The results of the independent samples t tests involving officer type (correctional or law enforcement), rank, and prior exposure to mental illness indicated that these variables are not related to the officer-level CIT training objectives. These findings suggest the immediate training effects are not directly attributable to officers’ years of service, rank, prior exposure to mental illness, or whether the officer is in law enforcement or corrections. In addition, no statistically significant relationships were identified between the independent variables and mean changes on the “Perceptions of Verbal De-escalation” measure.
However, a significant relationship was identified between officer sex and change on the “Self-Efficacy” measure. Females demonstrated a 22% increase (change = 5.25, SD = 5.02) in “Self-Efficacy,” whereas males experienced a 15% mean increase (change = 3.52, SD = 4.36). However, female officers scored significantly lower than males on the pretest surveys, indicating they had more to gain from the training at the outset in terms of self-confidence. Also worth noting, males gained more than females on the other measures, although these findings did not reach statistical significance.
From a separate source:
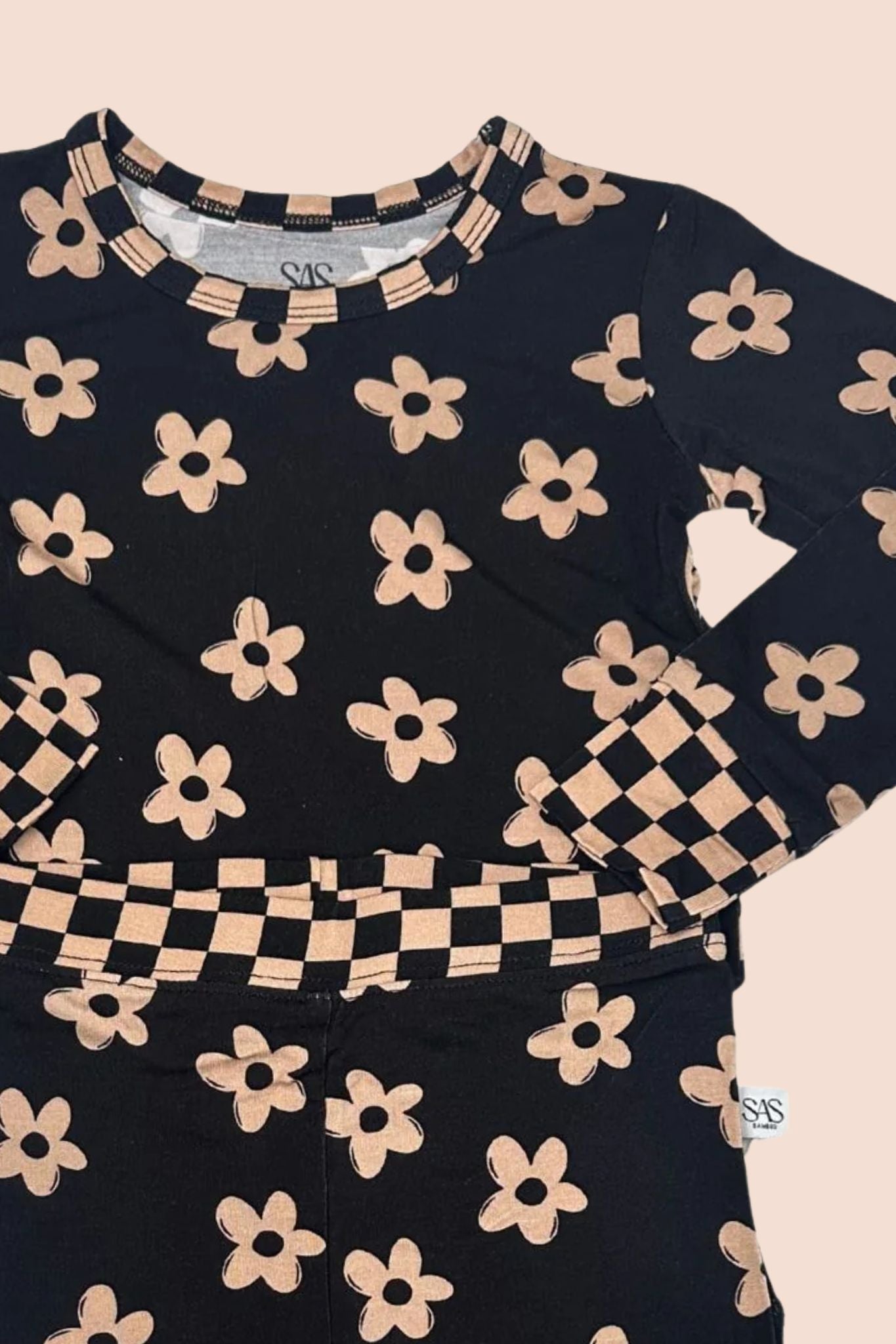 Bedtime just got a whole lot cozier with these two-piece girl pajamas by SAS Bamboo. The graphic floral print pops playfully against a black background, while the checkered cuffs add a cool, stylish twist, perfect for sweet dreams with a touch of fun.

With regard to the “Knowledge of Mental Illness” measure, nonvolunteers gained significantly more (change = 1.05, SD = 1.4) than volunteers (change = 0.70, SD = 1.35). The growth translates to a 13% increase for nonvolunteers and a 9% improvement rate for volunteers. In addition, officers without prior mental health training gained significantly more (change = 1.06, SD = 1.45) than officers with prior mental health training (change = 0.61, SD = 1.26) on the “Knowledge of Mental Illness” measure. Officers with prior mental health training had a higher mean score on this measure at the pretest, indicating they had a higher baseline knowledge of mental illness than officers with no prior mental health training.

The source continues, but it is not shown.